#### [What to work on]
With pictures excluded, copy word for word the lines in the data below from the line containing "This features a" through the line containing "为了让居民体验传统游戏的乐趣".

#### [Extracted material]
-- Opening Marker --
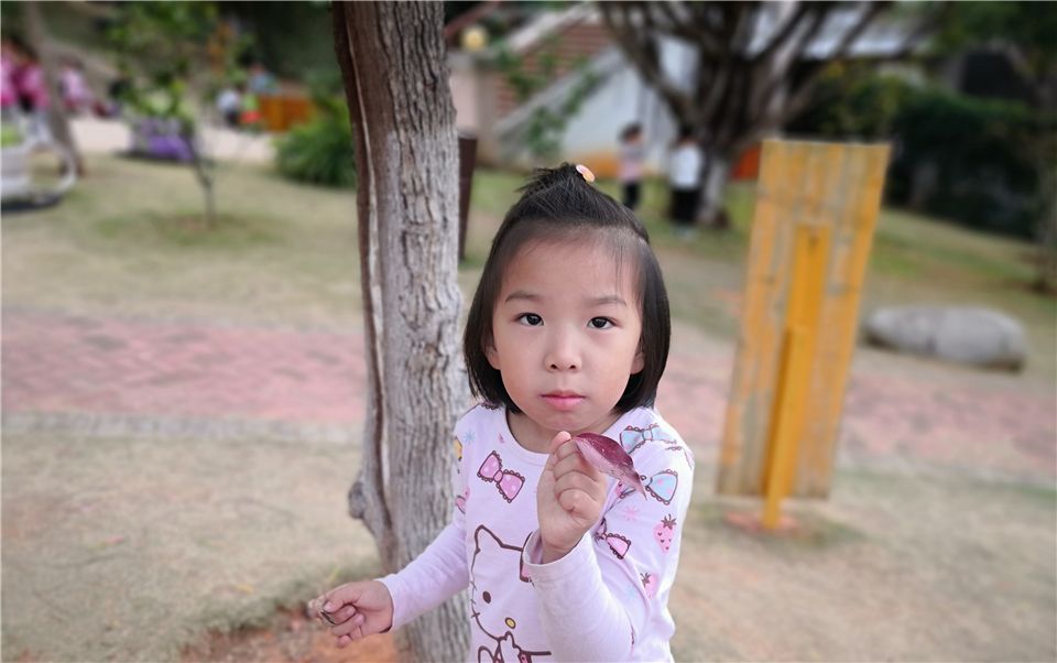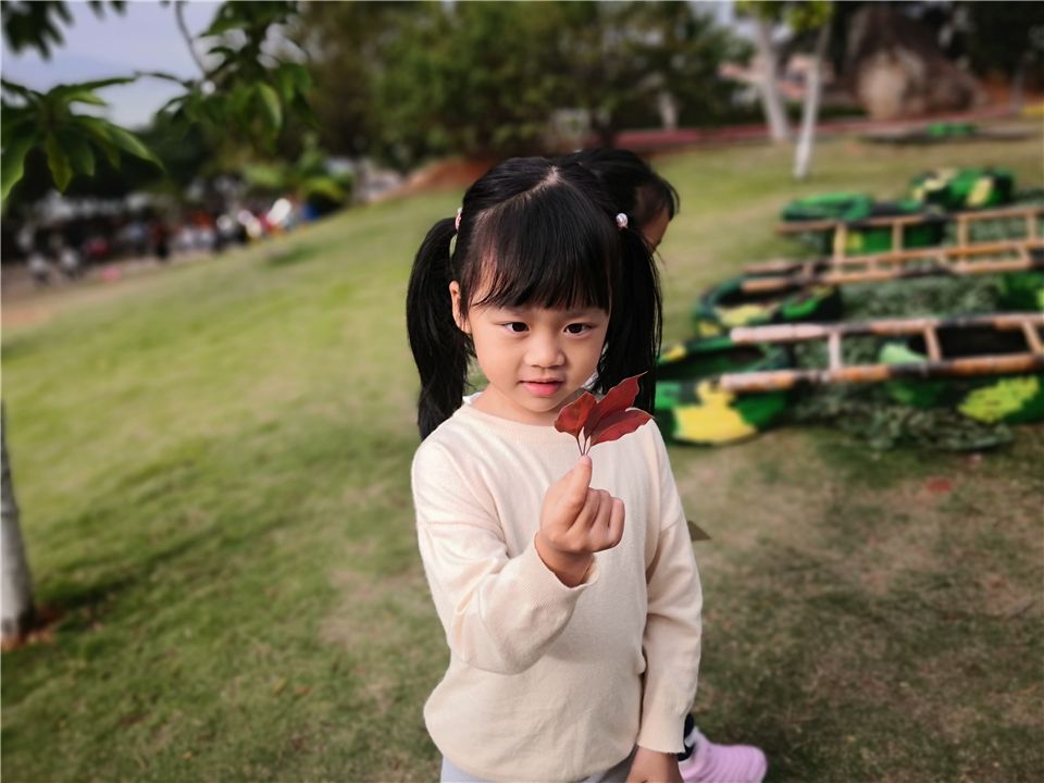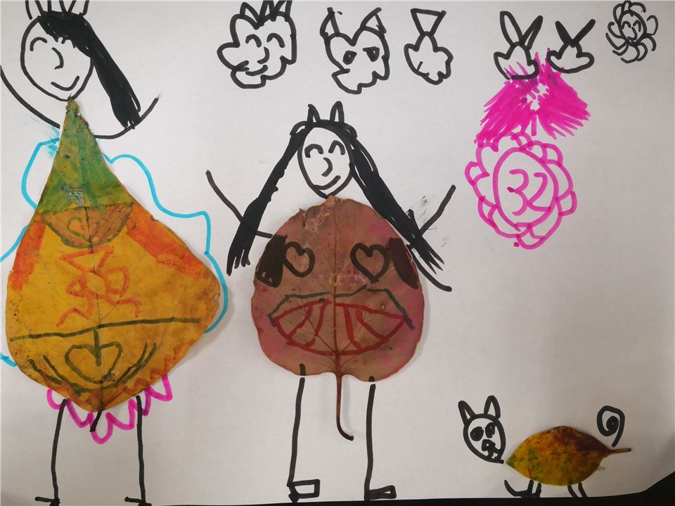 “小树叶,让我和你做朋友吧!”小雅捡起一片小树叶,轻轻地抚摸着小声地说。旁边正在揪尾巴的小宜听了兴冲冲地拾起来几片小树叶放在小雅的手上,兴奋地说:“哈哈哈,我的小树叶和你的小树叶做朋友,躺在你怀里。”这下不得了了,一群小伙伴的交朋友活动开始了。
-- Closing Marker --
-- Opening Marker --
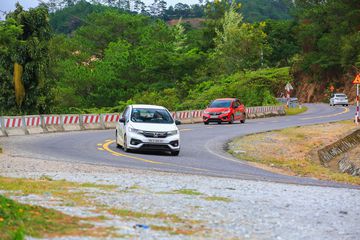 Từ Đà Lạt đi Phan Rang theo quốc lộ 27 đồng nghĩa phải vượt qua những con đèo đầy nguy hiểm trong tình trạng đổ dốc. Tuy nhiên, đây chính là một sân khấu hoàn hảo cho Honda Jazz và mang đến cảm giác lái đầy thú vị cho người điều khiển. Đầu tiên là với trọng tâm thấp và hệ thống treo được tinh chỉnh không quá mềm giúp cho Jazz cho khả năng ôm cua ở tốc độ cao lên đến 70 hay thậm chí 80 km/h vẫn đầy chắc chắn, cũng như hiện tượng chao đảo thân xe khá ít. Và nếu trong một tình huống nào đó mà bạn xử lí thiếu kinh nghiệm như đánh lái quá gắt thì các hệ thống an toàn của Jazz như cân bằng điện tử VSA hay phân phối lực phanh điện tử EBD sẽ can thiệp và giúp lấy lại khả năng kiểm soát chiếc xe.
-- Closing Marker --
-- Opening Marker --
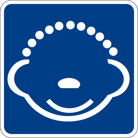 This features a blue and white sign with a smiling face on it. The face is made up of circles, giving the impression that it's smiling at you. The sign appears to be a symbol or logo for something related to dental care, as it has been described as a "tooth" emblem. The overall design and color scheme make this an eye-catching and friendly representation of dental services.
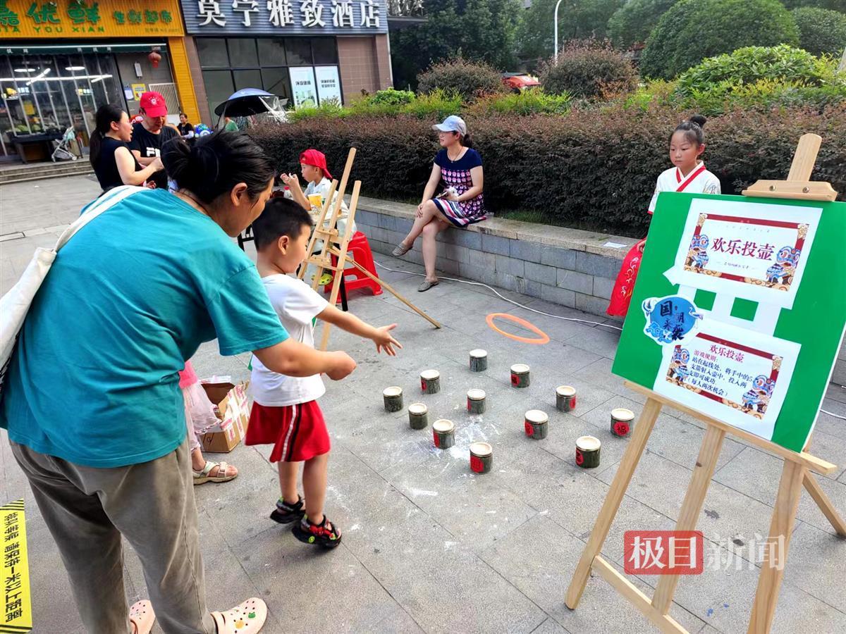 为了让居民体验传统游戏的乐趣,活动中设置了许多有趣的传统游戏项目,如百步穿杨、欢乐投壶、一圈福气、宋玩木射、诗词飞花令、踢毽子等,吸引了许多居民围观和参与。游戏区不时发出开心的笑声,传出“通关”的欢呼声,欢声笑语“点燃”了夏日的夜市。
-- Closing Marker --
#### [Worked solution]
 This features a blue and white sign with a smiling face on it. The face is made up of circles, giving the impression that it's smiling at you. The sign appears to be a symbol or logo for something related to dental care, as it has been described as a "tooth" emblem. The overall design and color scheme make this an eye-catching and friendly representation of dental services.
 为了让居民体验传统游戏的乐趣,活动中设置了许多有趣的传统游戏项目,如百步穿杨、欢乐投壶、一圈福气、宋玩木射、诗词飞花令、踢毽子等,吸引了许多居民围观和参与。游戏区不时发出开心的笑声,传出“通关”的欢呼声,欢声笑语“点燃”了夏日的夜市。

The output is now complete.